I am a persuasive French wino that can stun people with insults and convince policemen that he and his party were in fact not responsible for the mutilated bodies tossed out of a window into an alley. All with the flick of a d20.
The BU Role-Playing Society is one of the three clubs I’ve joined. Right now the only campaign I’m dedicated to is a post-WWII spy adventure set in Vietnam. There are lots of other games in many different non-D&D settings, but my schedule often conflicts and I honestly don’t have the time anymore. That said, it’s a fun and often hilarious way to spend a weekly evening.
Wizards is a community service group that teaches science experiments to kids from kindergarten all the way to early high school.

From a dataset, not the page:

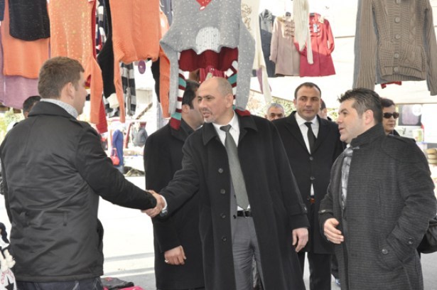 Özdemir, Cumartesi pazarında tezgah açan simitçisinden iç çamaşırı satan pazarcısına kadar herkesin tek tek elini sıkarak hal hatırını sordu, sorunlarını dinledi.

A friend in my computer science class invited me over to a meeting one day, and I figured that it was a weekly two hour committment that might be reminiscent to the fun time I had volunteering with 1st graders at P.S. 89 right next to Stuyvesant. I noted this on my app, and lo and behold, I got one of the spots in the group that works with kindergarteners and 1st graders 😀 . We’re driven by van to the Young Achievers school, what seems to be one of many Boston pilot public schools for new learning strategies. The distinction wasn’t exactly evident though, as it reminded me a lot of P.S. 89 despite it being a regular public school. Not that it mattered, because the school was charming and the kids were cute and wonderful. The kindergarteners have their current curriculum based around butterflies, so our activity focused on symmetry using butterflies as examples. Few children remembered the word when the day was done, but all of them had fun seeing their folded paper cutouts become butterflies. The colored versions were all pinned up on the window afterwards.

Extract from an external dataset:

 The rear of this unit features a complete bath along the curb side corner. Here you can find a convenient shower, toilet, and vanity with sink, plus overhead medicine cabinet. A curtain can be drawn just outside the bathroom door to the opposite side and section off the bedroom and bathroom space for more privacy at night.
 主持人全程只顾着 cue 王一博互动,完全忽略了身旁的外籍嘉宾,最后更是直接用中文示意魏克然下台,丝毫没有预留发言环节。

The BU Massively-Multiplayer Online Gaming Society is a club that a couple friends and I founded after seeing interest on the BU Livejournal group. We rotate through new MMOs every two weeks or so, playing games like Gunbound, Rakion, Albatross18, and Ragnarok Online. We’re all encouraged to play games on our own and stick with ones that we like, but we often meet up with other MMOGS members so that there’s a sense of familiarity when in unfamiliar territory. After each game’s rotation is finished, we each write a review and give it a grade, both of which are posted on our soon-to-be-created forum. We’re hoping to have generated enough of a track record to warrant attention from non-MMOGS members, perhaps non-BU members, and hopefully game developers looking for effective beta testers. The pinnacle of success for the MMOGS would be either getting access to a highly anticipated game in closed beta testing or getting enough funding to provide paid accounts to some of the newer, hotter games on the market. As it stands, we’re just a bunch of college gamers. But next semester, we’ll be gamers with university funding for snacks.

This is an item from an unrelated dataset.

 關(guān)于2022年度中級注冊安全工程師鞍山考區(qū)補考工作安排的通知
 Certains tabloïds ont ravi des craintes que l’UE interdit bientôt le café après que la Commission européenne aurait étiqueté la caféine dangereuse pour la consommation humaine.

I am vice-president of the MMOGS. The president, secretary, and treasurer are all juniors, which means that in all likelihood I’m going to be inheriting the club after two years. Oh man it’s like Excalibur all over again. Luckily the club’s survival doesn’t depend on my (lack of) gaming skill, but rather my enthusiasm, which I have plenty of. For now I’ll just chip in where I can and learn a few things along the way. And have fun with ultra-high angle shots on a mammoth while I’m at it.
whoooa, way to be super involved, already! Nice nice.